Na minha infância eu ia para a igreja aprender a ser pobre. Jesus estava do lado dos pobres, mas eu só conseguia enxergá-lo do lado dos ricos porque só os ricos iam para as melhores catacumbas. Havia delas onde as pessoas podiam entrar. Tinha sala, bancos e oratório para velas. Os pobres ficavam na areia rasa, com uma cruz de madeira e umas flores de plástico, enquanto os parentes enfiavam o pé na areia frouxa, desenterrando ossos. Quando um pobre morria, era preciso juntar os ossos do esqueleto anterior e os colocar num saco de carvão, com a boca amarrada para não perder nenhuma parte do finado mais antigo. O mais recente, era coberto com a mesma areia nutrida dos vermes, formigas e baratas do caixão anterior. Os ricos usavam óculos escuros, lenços e gestos falsos de contrição. Os pobres, o desespero e os cabelos em desalinho, roupas rotas amarrotadas, lamento sincero, muita verdade para mostrar fidelidade. E Deus devia ficar espiando as cenas e movendo a manivela do mundo.
Havia um templo Batista em frente à minha casa que recebia roupas de americanos que as doavam para serem distribuídas com os pobres. Depois de tirar as melhores roupas para a sua família, o pastor organizava em lotes e vendia todas numa só tarde. E íamos nós, pegar o que pudesse para depois pagar o equivalente a 10 reais por peça. Minha mãe multiplicava seus braços, como um polvo a abraçar camisas, calças e bermudas, torcendo para que os seus cem reais pudessem fazer a feira de uma moda emprestada para os pobres. A moda de vestir sobejos de americanos. Eu odeio os americanos por nos daremsobejos, e odeio os pastores que ganham dinheiro com as sobras. Eu odeio os pobres que se vestem de americanos. Depois de pagar à esposa enjoada do pastor, a gente ia para casa, provar as roupas que minha mãe sempre consertava na sua velha máquina de costura Vigorelli.

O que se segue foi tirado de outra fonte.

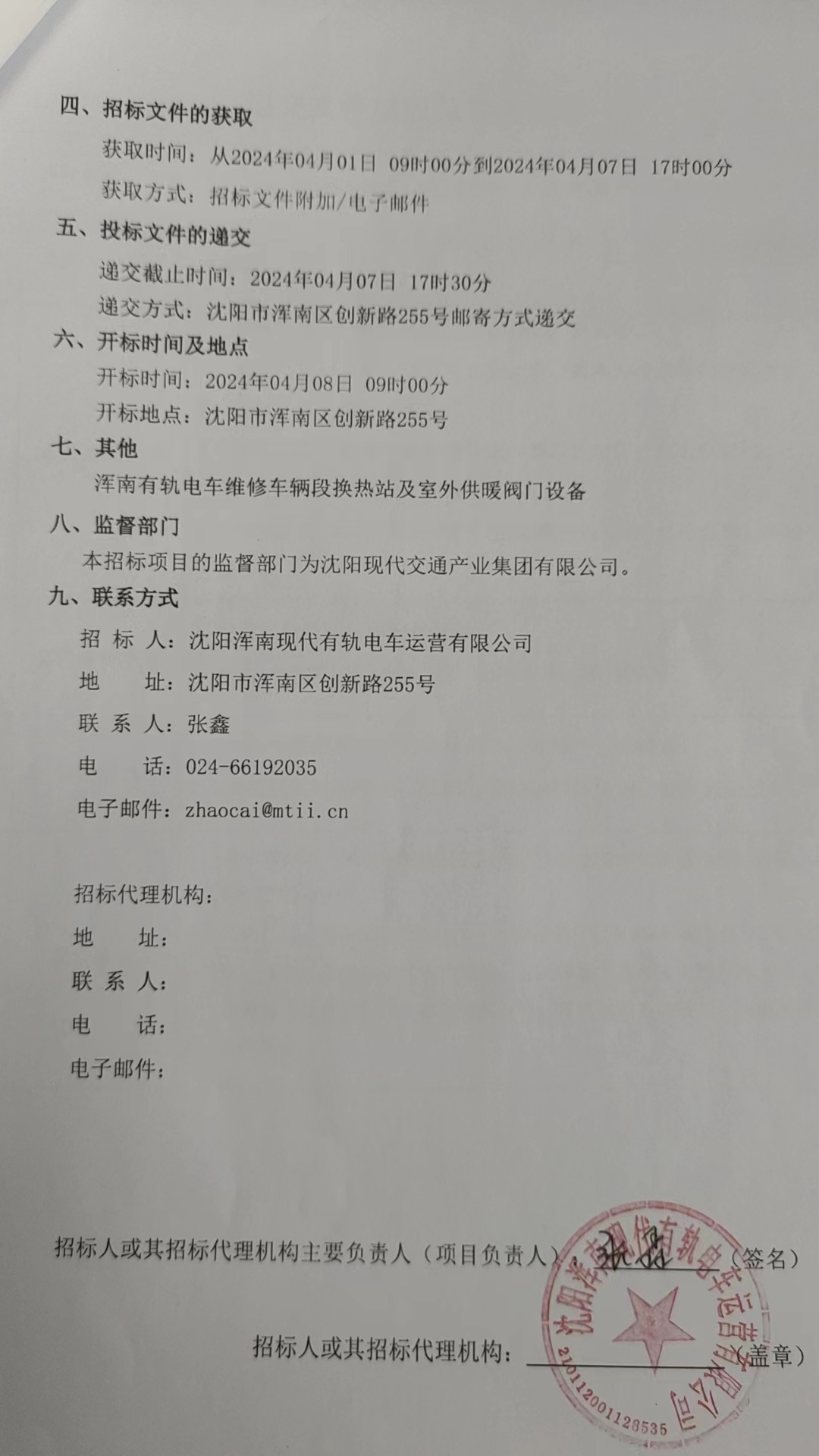 招采公告-招募“沈阳浑南有轨电车维修车辆段换热站及室外供暖阀门设备”的服务商

Eu ia para as festas com as roupas novas e sempre ouvia elogios.
- Calça bacana!
Foi meu tio que trouxe dos Estados Unidos.
Eu odiava as mentiras que contava, porque eu as dizia por ser pobre e não poder ter roupas de ricos.
Percebo, hoje, que muitos carregam traumas e levam uma tristeza infinita na alma. Traumas que ficam numa zona do cérebro destinada à felicidade. Essa zona, em mim, está lotada. A felicidade está longe de encontrar esse caminho.